Futurists have gone as far to see the brain itself as programmable, in some mysteriously objective sense. At some point, Nicholas Negroponte veered off his illustrious decades-long path. Despite collaborating with Seymour Papert at the Media Lab, his recent work has been dropping tablets into rural villages. Instant education, just add internet! It’s great that the kids are teaching themselves, and have some autonomy, but who designed the apps they play with? What sort of biases and fallacies do they harbor? Do African children learning the ABCs qualify as cultural imperialism? His prediction for the next thirty years is even more troublesome: that we’ll acquire knowledge by ingesting it. Shakespeare will be encoded into some nano-molecular device that works its way through the blood-brain barrier, and suddenly: “I know King Lear!”. Even if we could isolate the exact neurobiological processes that constitute reading the Bard, we all understand Shakespeare in different ways. All minds are unique, and therefore all brains are unique. Meanwhile, our eyes have spent a few hundred million years of evolutionary time adapting to carry information from the outside world into our mind at the speed of an ethernet connection. Knowledge intake is limited not by perception but by cognition.

Tufte says, to simplify, add context. Confusion is not a property of information but of how it is displayed. He said these things in the context of information graphics but they apply to education as well. We are so concerned with information overload that we forget information underload, where our brain is starved for detail and context. It is not any particular fact, but the connections between them, that constitute knowledge.  The fallacy of reductionism is to insist that every detail matters: learn these things and then you are educated! The fallacy of holism is to say that no details matter: let’s just export amorphous nebulous college-ness and call it universal education! Bret Victor imagines how we could use technology to move from a contrived, narrow problem into a deeper understanding about generalized, abstract notions, much as real mathematicians do. He also presents a mental model for working on a difficult problem:

I’m trying to build a jigsaw puzzle. I wish I could show you what it will be, but the picture isn’t on the box. But I can show you some of the pieces… If you are building a different puzzle, it’s possible these pieces won’t mean much to you. You might not have a spot for them to fit, or you might not yet. On the other hand, maybe some of these are just the pieces you’ve been looking for.

One concern with Skinner’s teaching machines and their modern-day counterparts is that they isolate each student and cut off human interaction. We learn from each other, and many of the things that we learn fall outside of the curriculum ladder. Learning to share becomes working on a team; show-and-tell becomes leadership. Years later, in college, many of the most valuable lessons are unplanned, a result of meeting a person with very different ideas, or hearing exactly what you needed to at that moment. I found that college exposed to me brilliant people, and I could watch them analyze and discuss a problem. The methodology was much more valuable than the answer it happened to yield.

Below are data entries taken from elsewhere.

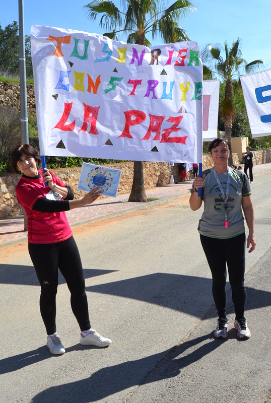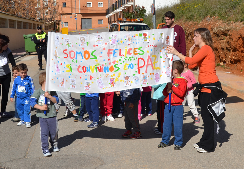 La carrera debía haberse disputado el 30 de enero, Día de la Paz, pero el viento impidió su celebración. Se ha aprovechado la Semana Cultural para celebrar esta bonita carrera, en la que todos y todas han disfrutado haciendo deporte y mostrando su rechazo a la violencia.
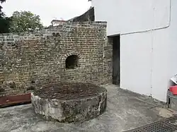 Inside Lo Wai. Water well next to the entrance tower of the village.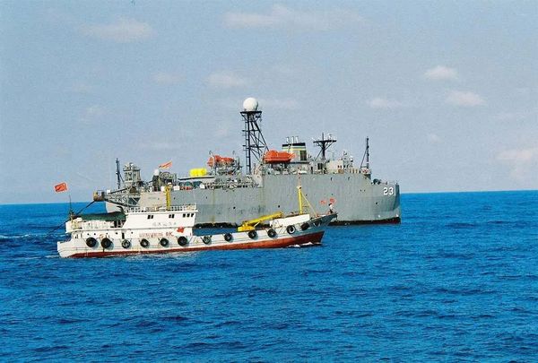 2009年的“无瑕号事件”就是一个很好的例子,当时美国海军观测船“无瑕”号正在我们的专属经济区内收集情报,被5艘中国籍船舶包围,其中就有两艘渔船,最后“无瑕”号只能草草结束了任务。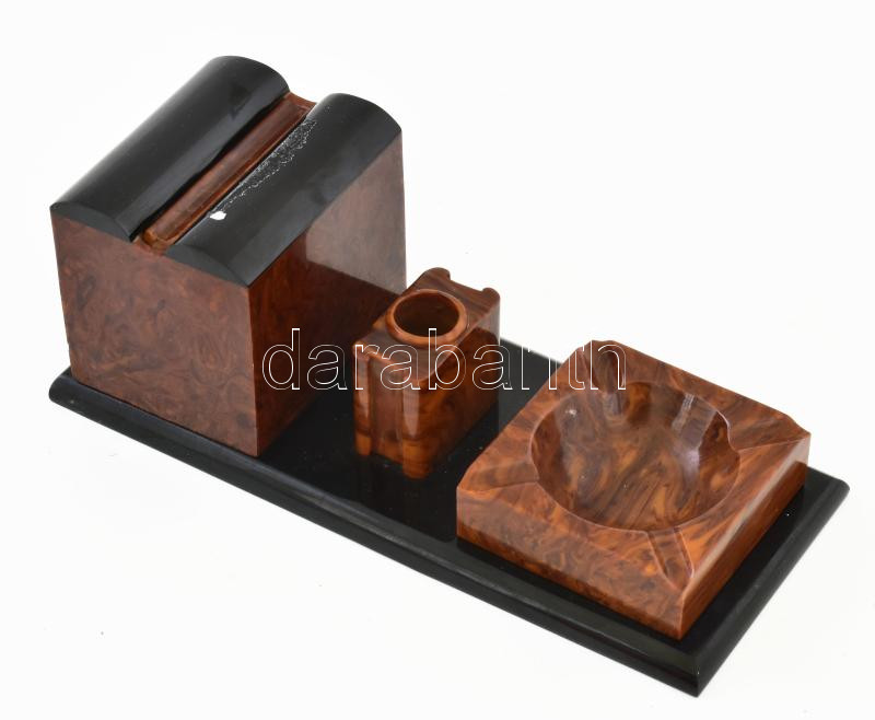 Leírás: Art deco stílusú cigaretta kínáló készlet. Bakelit, minimális sérüléssel 26 cm

The hallmark of an intellectual is do create daily what has never existed before. This can be an engineer’s workpiece, an programmer’s software, a writer’s novel, a researcher’s paper, or an artist’s sculpture. None of these can be evaluated by comparing them to a correct answer, because the correct answer is not known, or can’t even exist. The creative intellectual must have something to say and know how to say it; ideas and execution must both be present. The bits and pieces of a curriculum can make for a good technician (a term I’ve heard applied to a poet capable of choosing the exact word). It’s not so much that “schools kill creativity” so much as they replace the desire to create with the ability to create. Ideally schools would nurture and refine the former (assuming something-to-say is mostly innate) while instructing the latter (assuming saying-it-well is mostly taught).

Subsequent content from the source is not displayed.